Zn; at. wt 65.38; at. no. 30; valence 2. Group 2b element. Abundance in earth's crust: 0.02% by wt. Natural isotopes: 64 (48.89%); 66 (27.81%); 68 (18.57%); 67 (4.11%); 70 (0.62%); eight radioactive isotopes and two isomers. Occurs in smithsonite or zinc spar, sphalerite or zinc blende, zincite, willemite, franklinite, [(Zn,Mn,Fe)O.(Fe.Mn2)O3] or gahnite (ZnAl2O4). Has been known since very early times. Commercial forms: ingots; lumps; sheets; wire; shot; strips; sticks; granules; mossy; powder (dust). Prepn: Gowland, Bannister, Metallurgy of Non-Ferrous Metals (Griffin, London, 1930); Zinc Production, Properties and Uses (Zinc Development Association, London, 1968). Reviews: Zinc, C. H. Mathewson, Ed.,
A.C.S. Monograph Series no. 142 (Reinhold, New York, 1959) 721 pp; Schlechter, Thompson, "Zinc and Zinc Alloys" in Kirk-Othmer, Encyclopedia of Chemical Technology, vol. 22 (Interscience, New York, 2nd ed., 1970) pp 555-603; Aylett, "Group IIB" in Comprehensive Inorganic Chemistry, vol. 3, J. C. Bailar, Jr. et al., Eds. (Pergamon Press, Oxford, 1973) pp 187-328.

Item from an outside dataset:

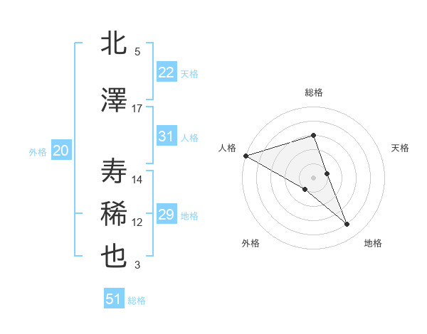 北澤 寿稀也さんを姓名の画数から五運を鑑定

Bluish-white, lustrous metal; distorted hexagonal close-packed structure; stable in dry air; becomes covered with a white coating of basic carbonate on exposure to moist air. mp 419.5 deg. bp 908 deg. d25 7.14. Heat capacity at constant pressure (25 deg): 6.07 cal/mole deg. Mohs' hardness 2.5. When heated to 100-150 deg becomes malleable, at 210 deg becomes brittle and pulverizable.

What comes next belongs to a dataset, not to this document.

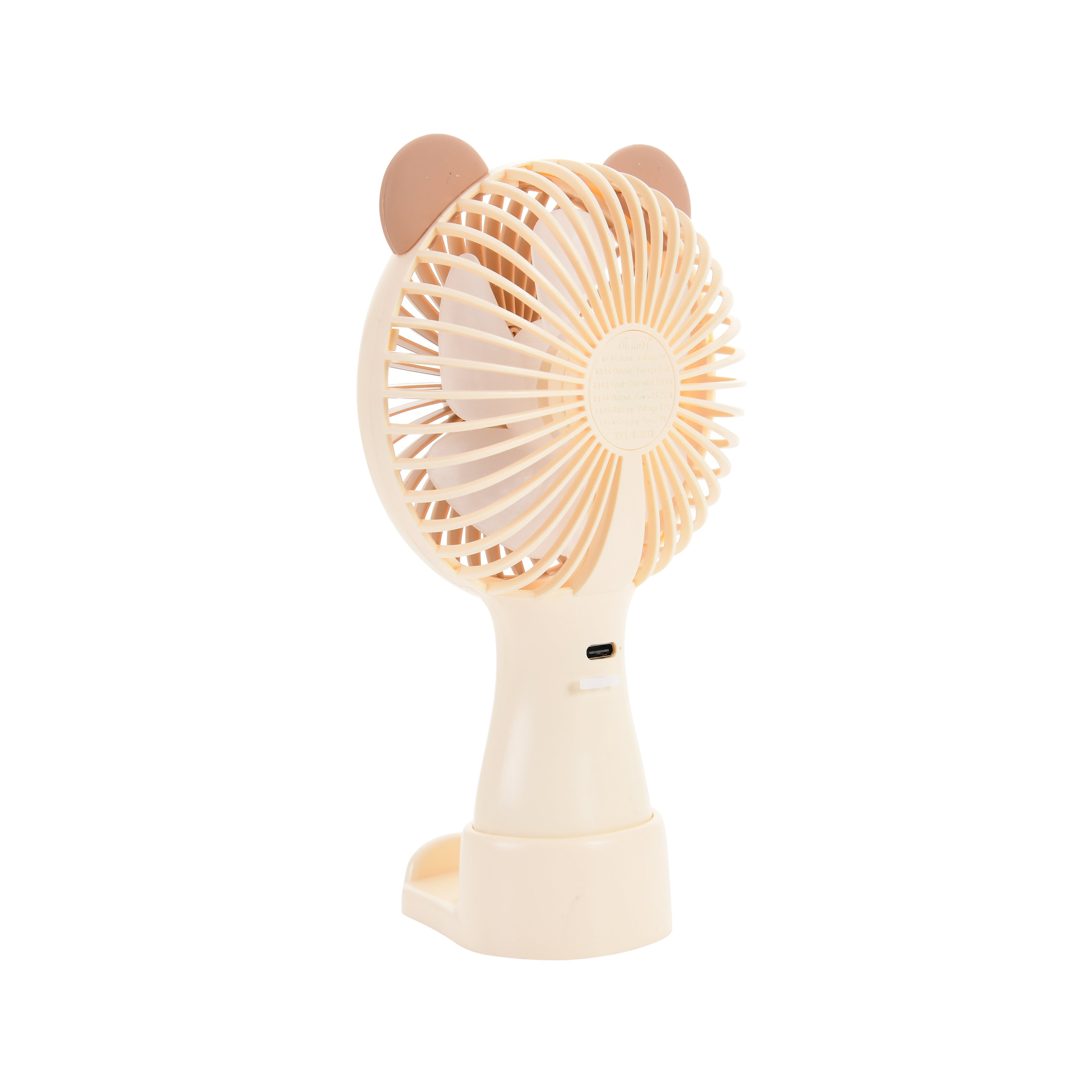 Cute Bear-Themed USB Rechargeable Handheld Mini Fan with Stand – Beige and Brown (3-Speed, 18×7×10 cm, 115 g)

Burns in air with a bluish-green flame. Loses electrons in aqueous systems to form Zn2+ E deg (aq) n/Zn2+ 0.763 V. Slowly attacked by H2SO4 or HCl; oxidizing agents or metal ions, e.g. Cu2+, Ni2+, Co2+, accelerate the process. Reacts slowly with ammonia water and acetic acid; rapidly with HNO3. Reacts with alkali hydroxides to form "zincates",ZnO22-, which are actually hydroxo complexes such as Zn(OH)3-; Zn(OH)42-, [Zn(OH)4(H2O)2]2-.
Caution: Inhalation of fumes may result in sweet taste, throat dryness, cough, weakness, generalized aching, chills, fever, nausea, vomiting. Zinc chloride fumes have caused injury to mucous membranes and skin irritation. Ingestion of sol salts may cause nausea, vomiting, purging. See E. Browning, Toxicity of Industrial Metals (Appleton-Century-Crofts, New York, 2nd ed., 1969) pp 348-355.

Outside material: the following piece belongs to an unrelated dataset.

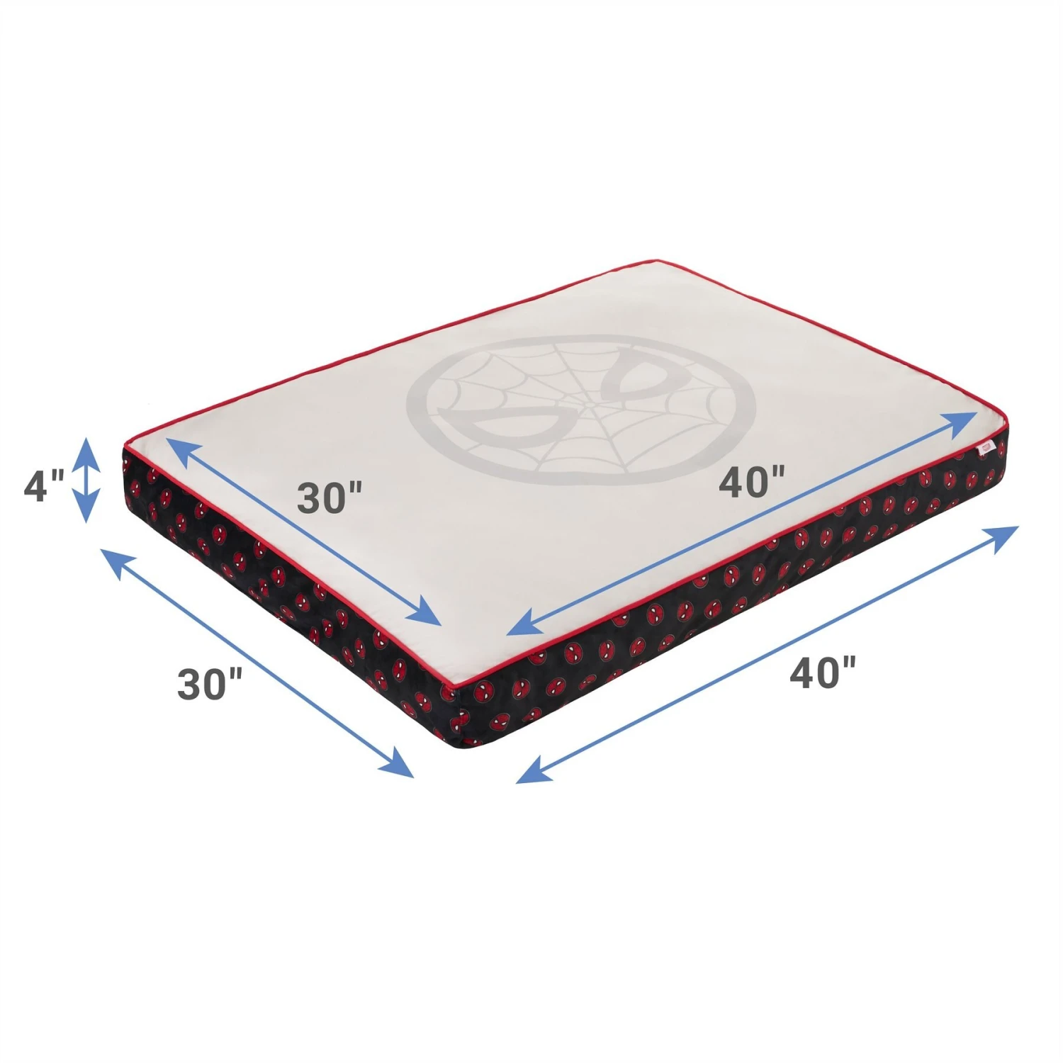 - Spider-Man design features Spidey’s face on the pillowtop and in a pattern on the side.

USE: Galvanizing sheet iron; as ingredient of alloys such as bronze, brass, Babbitt metal, German silver, and special alloys for die-casting; as a protective coating for other metals to prevent corrosion; for electrical apparatus, especially dry cell batteries, household utensils, castings, printing plates, building materials, railroad car linings, automotive equipment; as reducing agent in organic chemistry; for deoxidizing bronze; extracting gold by the cyanide process, purifying fats for soaps; bleaching bone glue; manuf sodium hydrosulfite; insulin zinc salts; as reagent in analytical chemistry, e.g., in the Marsh and Gutzeit test
for arsenic; as a reducer in the determination of iron. It is a nutritional trace element.
"At 210 deg becomes brittle and pulverizable" it sounds good. It's extensively used in galvanization and in batteries. May be it won't be a problem.
I'm veery optimistic with this rxn, may be too much, but now I'm a bit exhalted. My reasons are that the patent says that (Antoncho) "
As was already mentioned, it only deals with the compounds in which either R1 or R2 or both of them are hydrogens. Unclear yet if it will make any differense. (R1 and R2 are in positions 2 and 3 of the aromatic ring, respectively, and R3 is position 4).
a) R1=R2=H b) R1=H, R2=OCH3
b) R1=OCH3, R2=H and R3= AlkO- or PhCH2O- (Alk = C1-C3)
This means that is for 4 substituted nitrostyrenes, (R1=2 position and so on) with a CH3O in 2 or in 1 (only one) or just H in both.
It has worked with 2,5 DMNS, this is not the patent. What about 2,4,5 or 3,4,5 or 2,4,6,? and what about the corresponding nitropropenes and 2,5 DMPNP ? It can work or not, but it should work still better with the 4 substituted nitrostyrenes, and why not with the nitropropenes ? We'll se in the test bench, I'm very optimistic.